Считаные дни
— Делать мне больше нечего — возвращаться, — бормочет она себе под нос.
Порыв холодного осеннего воздуха врывается в распахнутую дверь, Кайя с треском захлопывает ее. И самые последние слова, которые они сказали друг другу, остаются висеть в воздухе.
%
Для селфи день совершенно неподходящий. Да и для туристов сейчас не сезон. Юнас стоит на палубе парома, вцепившись в перила, и видит вокруг только разные оттенки серого и голубого.
То, что он должен был увидеть, — то, что ему обещали фотографии, которые он отыскал в интернете, и что, по всей вероятности, в самом деле предстает взору не в такие дни, как сегодня, и, возможно, скрыто теперь плотным слоем тумана, — это нечто совершенно иное: живописный зеленый фьорд, а по обеим сторонам от него ввысь — до самых голубых небес — простираются горы, и, наверное, кое-где еще лежат снежные шапки, создавая экзотический контраст с палящим солнцем, которое, словно на открытке, заливает светом все вокруг.
Его лицо стало влажным от дождя. От резких порывов ветра перехватывает дыхание, и Юнас пытается вспомнить, что заставило его вообразить, будто приехать в эти края — замечательная мысль. На грузовой палубе под ним по соседству с его красным «гольфом» выстроились семь или восемь легковых автомобилей без водителей. Там так и написано — «заглушить мотор и покинуть транспортное средство во время движения парома». Остальные пассажиры расположились в кафе на нижней палубе или подпирают стены в узких коридорах у туалетных комнат, уткнувшись в экраны мобильных телефонов. Юнас проходит мимо них по пути на верхнюю палубу — он единственный, кто рискнул выйти туда в такой дождь.
Осенью восемь лет назад погода была примерно такой же, правда не здесь, а в Осло, тогда за сутки выпало тридцать шесть миллиметров осадков, и когда он с небольшим опозданием явился на вечеринку, насквозь промокший, то рассказал об этом Эве. «Тридцать шесть миллиметров за последние сутки, — сказал он ей, — по радио сообщили». И тогда она засмеялась и ответила: «А ты необычный». Он воспринял эти слова как комплимент, и когда уже позже они отправились вместе домой, под тем же дождем, который, строго говоря, уже не был тем же самым, и если бы он сказал об этом Эве, она бы, возможно, прокомментировала и это тоже, но тут прямо над их головами небо разрезала желтая молния. Юнас со страху поднял руку, чтобы обнять Эву, закрыть от грозы. Но она только рассмеялась, припустила впереди него под дождем, волосы струились по плечам тяжелыми мокрыми прядями, и гроза ее вовсе не страшила, она вообще ничего не боялась. Юнас стеснялся подойти к ней больше года, и вот они оказались здесь, бежали друг за дружкой в ночной темноте через пустынные вымокшие улицы по дороге к ее дому.

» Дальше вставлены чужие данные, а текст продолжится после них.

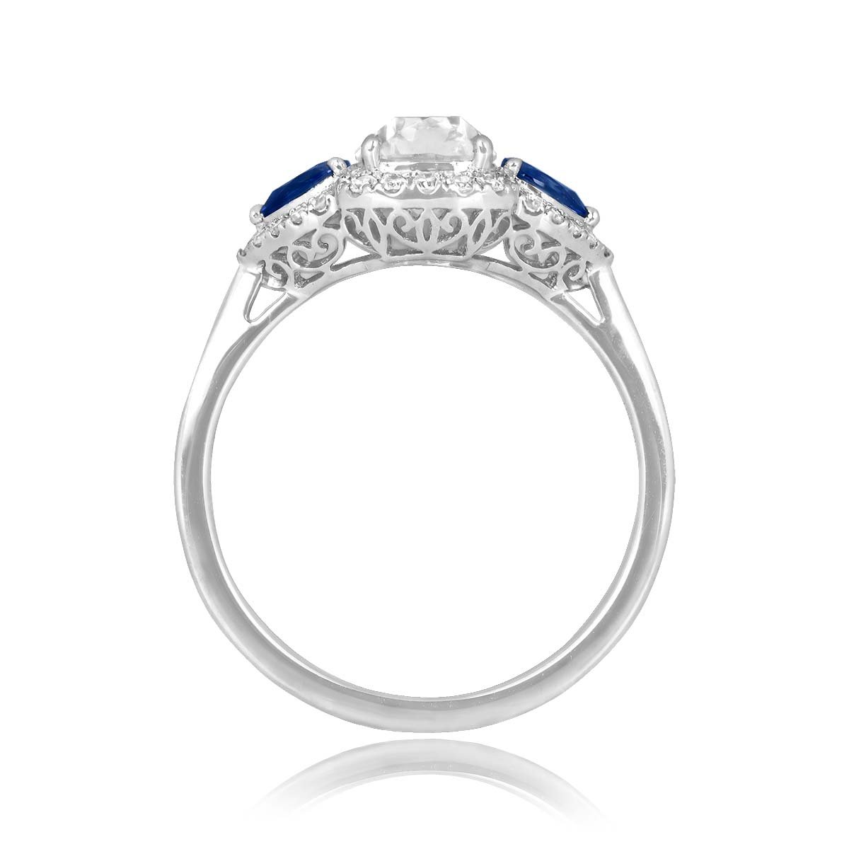 This ring features a cushion cut GIA certified 1.01 carat center diamond with a I color and VS1 clarity. Accenting the center stone are two pear shaped sapphire stones weighting a total of 0.43 carats. Halos of single cut diamonds surround the center and accenting stones. The under-gallery showcases detailed openwork designs. This ring was handcrafted in platinum.
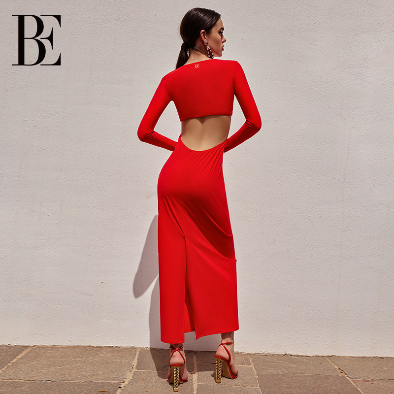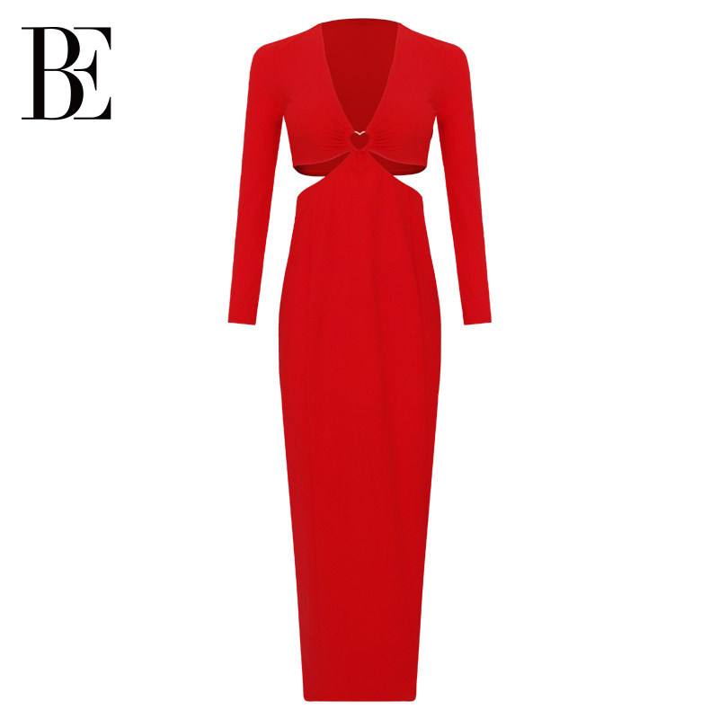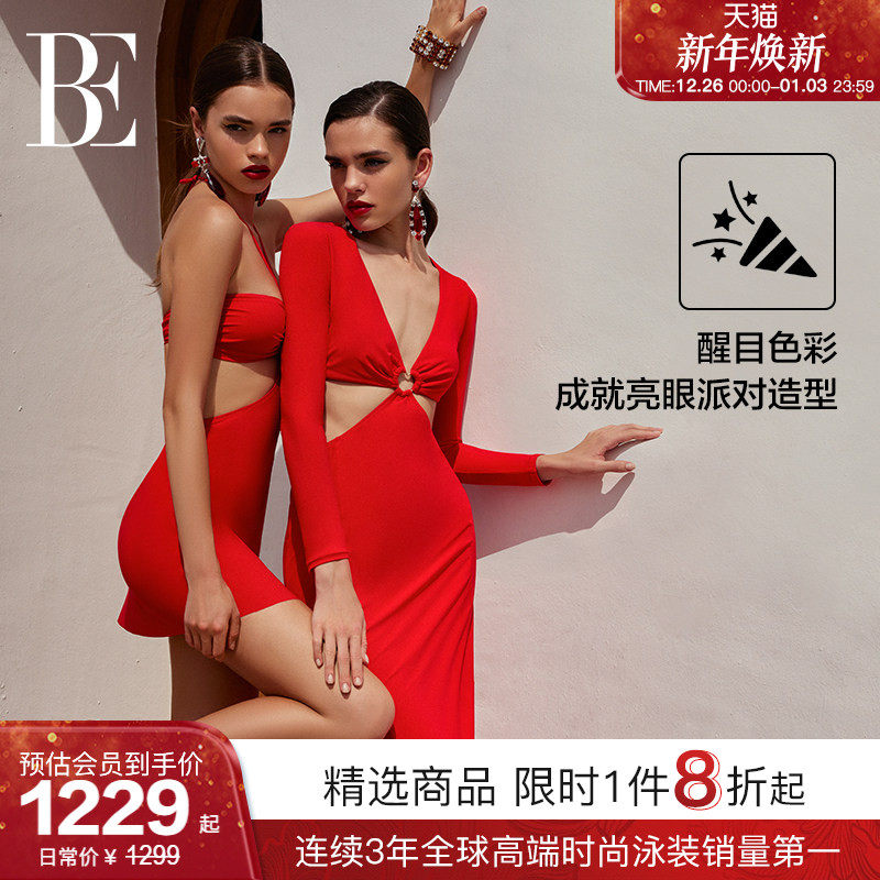 BE范德安2025 时尚系列连衣裙女士速干优雅性感深V新年礼服裙红色

Над его головой проносится чайка. А под ним расстилается фьорд, сверкающе-белоснежный, бесконечно глубокий. Юнас не только внимательно рассмотрел идиллические фотографии фьорда, но и прочитал о нем — «самый длинный и глубокий фьорд в Норвегии» — так там было написано, больше тысячи метров в самой глубокой точке.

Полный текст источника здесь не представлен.